In this case just a last question. What would you suggest where to set white level. Now it would be with the PS3 around 245-250. Is this ok or would you recommend a different setting?
The levels recommended for general viewing from black to white are 16-235. 0-245-250 is stretching your whites and contrast(and voltage) beyond the levels of the monitor to handle it properly and really won't give you as accurate a calibration up and down the scale. These higher levels are designed primarily for PCs.
Doers the PS3 have picture controls(contrast, brightness, color etc.) so you can adjust the player independently of the monitor, especially if your contrast is at the level you mentioned? If not then you have a little problem. Pretty well all stand-alone BR players have independent picture controls, if required to tweak any adjustments.
Link Posted: Sat Nov 12, 2011 12:55 pm Post subject: Individual Input settings on TVs
Ron W wrote:
What you are seeing is that different video sources can give you different readings. Your set-up has to be somewhat of a compromise or done with a specific source item in mind that you would use more than the other. Different Blu-Ray players can give you different readings(white point, grayscale and color space) with the same calibration disc. Like monitors, today there is STILL no consistency in performance among the manufacturers. I use to have TWO BR players on my rack, an Oppo and a Panasonic. When doing the calibrations with the disc using the Oppo as my source, it was pretty close to matching the readings from my monitor whereas with those same readings the Panasonic had a distinct "red shift" which would obviously affect grayscale and the white point. I later removed the Panasonic and placed it in another room. The only way you can deal with multiple sources and get accurate readings across the board is with an outboard processor that can do multiple calibrations for multiple sources. Of course, that gets in to considerable extra expense, however, Kal can probably give you additional ideas about that.

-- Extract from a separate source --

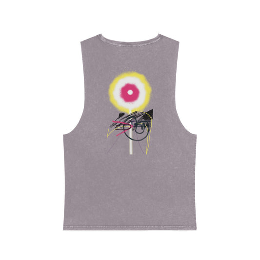 'a trench coat of sunshine' unisex 100% cotton muscle tank in 4 stonewash colours

That was a question I had as well. I know that different inputs will have different display characteristics, and that they need to be individually calibrated, but how are these individual input settings SAVED? Is it entirely dependent on the display device? If so, I imagine there are a LOT of TVs and monitors where correct calibration on a per input basis is IMPOSSIBLE simply because you can't save the calibration settings... Like you mentioned, you could work around this by tweaking the source's settings... But again, that's entirely dependent upon the source device.